NEW YORK — Deux Canadiens détenus en Chine pour espionnage ont été libérés de prison et ont quitté le pays par avion, a annoncé vendredi le Premier ministre Justin Trudeau, quelques heures après qu’un haut dirigeant du géant chinois des communications Huawei Technologies ait résolu les accusations criminelles portées contre elle dans le cadre d’un accord avec le ministère américain de la Justice.

Les Canadiens Michael Kovrig et Michael Spavor ont été arrêtés en Chine en décembre 2018, peu de temps après que le Canada a arrêté Meng Wanzhou, directrice financière de Huawei et fille du fondateur de l’entreprise, dans le cadre d’une demande d’extradition américaine. De nombreux pays ont qualifié l’action de la Chine de « politique d’otages ».

L’accord avec Meng appelle le ministère de la Justice à rejeter les accusations de fraude à la fin de l’année prochaine en échange de l’acceptation par Meng de la responsabilité d’avoir déformé les relations commerciales de son entreprise en Iran. Trudeau a convoqué une conférence de presse vendredi soir environ une heure après que l’avion de Meng a quitté le Canada pour la Chine.

Des manifestants tiennent des photos des Canadiens Michael Spavor et Michael Kovrig devant la Cour suprême de la Colombie-Britannique, à Vancouver, le 6 mars 2019.Jason Redmond / AFP – Fichier Getty Images

L’arrangement avec Meng, connu sous le nom d’accord de poursuite différée, résout une bataille juridique et géopolitique de plusieurs années impliquant non seulement les États-Unis et la Chine, mais aussi le Canada, où Meng est restée depuis son arrestation à l’aéroport de Vancouver.

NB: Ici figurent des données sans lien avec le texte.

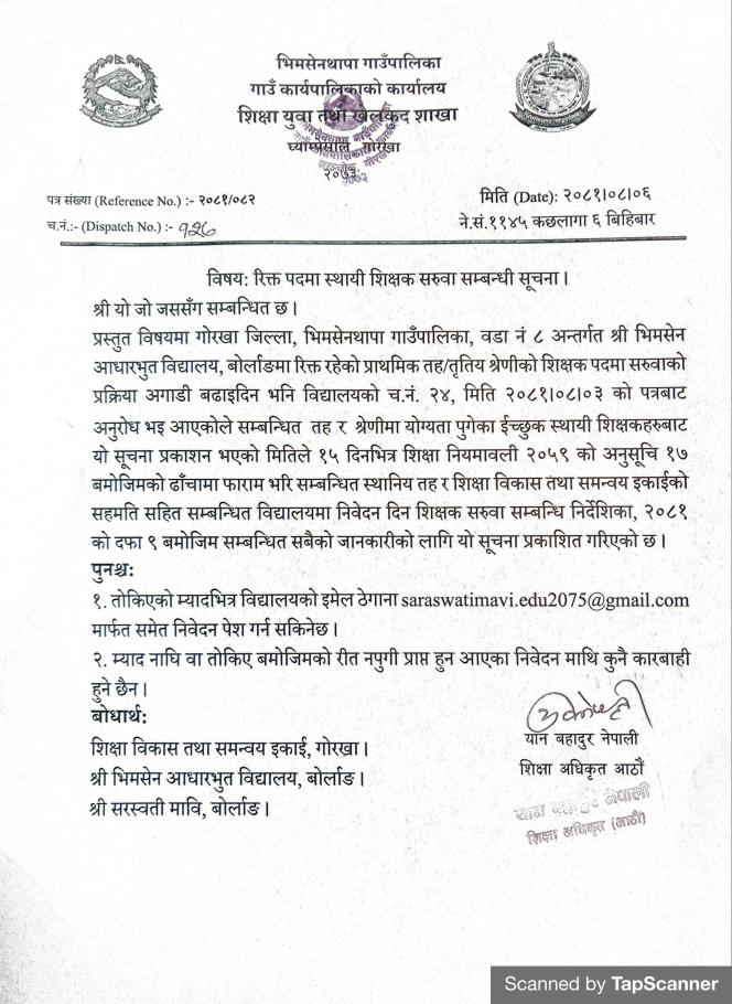 जानकारी सम्बन्धमा श्री वडा कार्यालय सबै भिमसेनथापा गाउँपालिका

L’accord a été conclu alors que le président Joe Biden et son homologue chinois Xi Jinping ont cherché à atténuer les signes de tension publique – alors même que les deux économies dominantes du monde sont en désaccord sur des questions aussi diverses que la cybersécurité, le changement climatique, les droits de l’homme et le commerce et les tarifs. Biden a déclaré dans un discours devant l’Assemblée générale des Nations Unies plus tôt cette semaine qu’il n’avait pas l’intention de déclencher une « nouvelle guerre froide », tandis que Xi a déclaré aux dirigeants mondiaux que les différends entre les pays « doivent être traités par le dialogue et la coopération ».

Dans le cadre de l’accord, divulgué devant un tribunal fédéral de Brooklyn, le ministère de la Justice a accepté de rejeter les accusations de fraude contre Meng en décembre 2022 – exactement quatre ans après son arrestation – à condition qu’elle respecte certaines conditions, notamment ne contester aucune des allégations factuelles. Le ministère de la Justice a également accepté d’abandonner sa demande d’extradition de Meng vers les États-Unis, ce qu’elle avait vigoureusement contesté, mettant ainsi fin à un processus qui, selon les procureurs, aurait pu persister pendant des mois.

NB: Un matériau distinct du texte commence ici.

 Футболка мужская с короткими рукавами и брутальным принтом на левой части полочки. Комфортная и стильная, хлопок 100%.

Les avocats de Meng ont déclaré qu’ils s’attendaient à ce que les accusations soient abandonnées dans 14 mois. « Nous sommes très heureux qu’entre-temps, elle puisse rentrer chez elle dans sa famille », a déclaré l’avocate de la défense Michelle Levin.

Après avoir comparu par vidéoconférence pour son audience à New York, Meng a comparu brièvement devant le tribunal de Vancouver, où elle est en liberté sous caution et vit dans son manoir depuis son arrestation. Le tribunal l’a libérée de toutes ses conditions de libération sous caution et elle est désormais libre de quitter le pays.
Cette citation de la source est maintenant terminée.